NEGRO                - No, forse ne usciremo. Magari uno solo di noi.

EBREO                 - Continua con quella tua storia. Chi era quell’uomo che avevi riconosciuto?

NEGRO                - Era Sliman Kerdouci, un medico di Kingston Town, al quale rimproveravano di essere stato uno dei capi di una rivolta. Rivolta            - poco più di una protesta. Aveva tre figli. Col più giovane eravamo amici. Non avevano torturato solo il medico. Anche la sua famiglia era stata torchiata, in un cortile, alla gogna. Davanti ad un pubblico di bianchi, tra cui anche dei bambini      - “dovevano imparare da piccoli”. Proprio così. (Ride amaramente). Dopo le torture, i Kerdouci furono medicati, curati per qualche giorno e rimessi in libertà. Erano un esempio vivente per tutta la popolazione.
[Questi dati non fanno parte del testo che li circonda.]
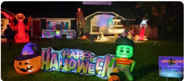
Congratulations 199 Ronda Court! See all the photos online at www.lomalindahoa.com
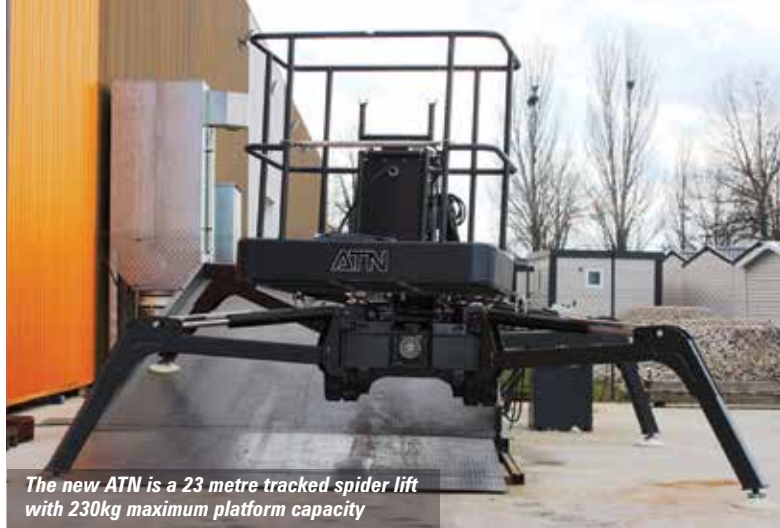
The new ATN is a 23 metre tracked spider lift with 230kg maximum platform capacity

Platform Basket has also recently updated its 22.10 launching the new

Il medico, però, non poteva più esercitare.

EBREO                 - Glielo avevano proibito?

NEGRO                - No. Con delle tenaglie affilate gli avevano strappato tre dita per mano. E nelle due mani gli avevano lasciato solo il pollice e il mignolo. Fu per questo motivo che, per derisione, i soldati presero a chiamarlo “il Granchio”. E i suoi familiari “i figli e la moglie del Granchio”.

EBREO                 - Il Granchio! E come reagì?

NEGRO                - La popolazione lo consolava ripetendogli che si poteva ritenere fortunato    - in fin dei conti era ancora vivo. Così, gli dicevano. Ma tutti erano convinti che lo avessero lasciato vivere perché aveva parlato. (Pausa). Il capo di quei soldati, mercenari, era un lurido pelato che tutti chiamavano “Capo”, ed era aiutato nelle torture da due esseri spregevoli che chiamati “Morbido” e “Specialista”.

EBREO                 - Proprio gli stessi che ci tengono prigionieri in questo posto.

NEGRO                - Già.

EBREO                 - E poi? Poi che successe?

NEGRO                - Poi… poi venni “interrogato”. Dopo un “interrogatorio” e qualche giorno di prigione, anch’io venni “momentaneamente” rilasciato.

EBREO                 - Te la sei cavata. Sei vivo.

NEGRO                - Vivo? Vivo fuori, perché dentro… dentro, quando vieni “interrogato”, sei morto.

EBREO                 - Interrogato?

NEGRO                - Interrogato… Torturato… Per loro è lo stesso. (Pausa).

EBREO                 - E poi? Hai detto che ti hanno rilasciato.

NEGRO                - Sì, ma solo per farmi assaporare la libertà. Ne approfittai per lasciare l’Africa. Fuggii e venni in quella che ritenevo la civile Italia.

EBREO                 - L’Italia non è tutta così. No, non è tutta così. Di sicuro non lo è.

NEGRO                - (con scetticismo) See, see! (Pausa).

(Ad un certo momento l’ebreo comincia a salmodiare ritmicamente, dondolando il busto avanti e indietro. Dopo qualche secondo, tra un Salmo e l’altro, anche il negro comincia a canticchiare una canzone vagamente reggae, una sorta di nenia del suo lontano villaggio, nostalgicamente. Dopo qualche ulteriore tempo, la nenia reggae e il canto salmodico si intrecciano e si sovrappongono e vanno a costituire una ritmata e malinconica melodia. Continuano così, in armonia, per un tempo adeguato).